His family said in a statement that the cause was heart failure.

Fakir sang first tenor with the Four Tops, who were inducted into the Rock & Roll Hall of Fame in 1990. The group’s hits not only helped define the “Motown Sound” but also the entire 1960s era of pop.

Their classics included the exuberant I Can’t Help Myself (Sugar Pie Honey Bunch) and the urgent Reach Out, I’ll Be There, both of which hit No. 1, along with the barrelling Top 10 staples It’s The Same Old Song, Standing In the Shadows of Love and Bernadette.

For two years, the Four Tops worked with Motown’s celebrated songwriting and production team Holland-Dozier-Holland, made up of brothers Brian and Eddie Holland and Lamont Dozier. After leaving the label in 1972, the quartet earned more Top 10 records with Keeper Of The Castle and Ain’t No Woman (Like the One I Got).
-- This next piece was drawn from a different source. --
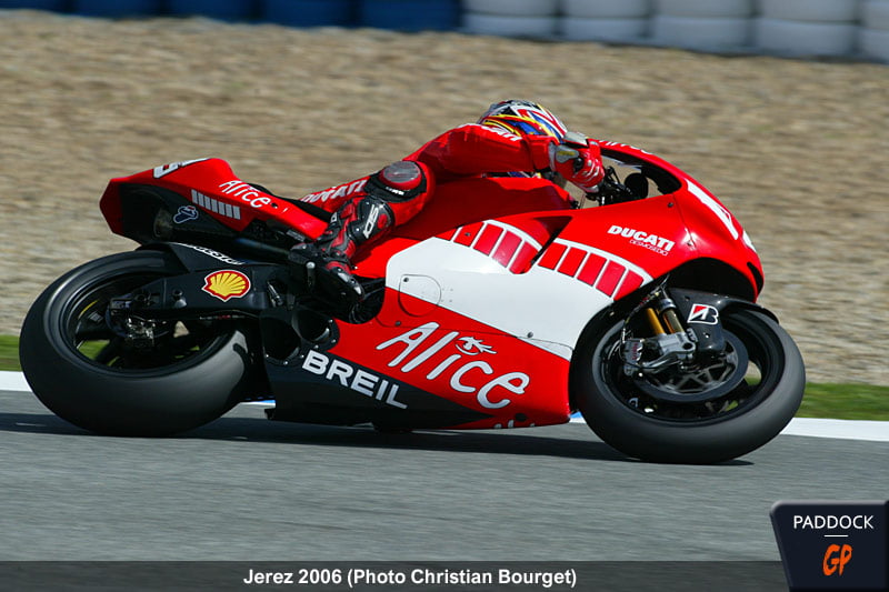 Un petit retour en arrière en photos s’impose donc pour rendre hommage à la firme italienne qui n’a pas hésité à défier avec succès des constructeurs japonais que l’on croyait jusque là invincibles en catégorie reine ! Sous la direction technique de Filippo Preziosi puis de Luigi Dall’Igna, les Desmosedici n’ont cessé d’innover pour être aujourd’hui les machines que l’on tente de copier. Bravo à eux !

On all the group’s songs, Fakir’s high, smooth voice added grace to harmonies that supported the baritone lead vocals of Levi Stubbs.

The Four Tops retained their original lineup until death intervened. From 1997 to 2008, three members died of cancer. Fakir continued to record, and he was touring until the end of 2023, all the while taking on new singers to fill the group’s ranks while assuming the roles of both the Tops’ original link and the keeper of their legacy. He officially retired this year.

Abdul Kareem Fakir was born in Detroit on Dec 26, 1935, to Nazim Ali Fakir, a factory worker who was born in Bangladesh, and Rubyleon Wren, a minister’s daughter from Sparta, Georgia, who worked as a domestic and a choir director and played the piano.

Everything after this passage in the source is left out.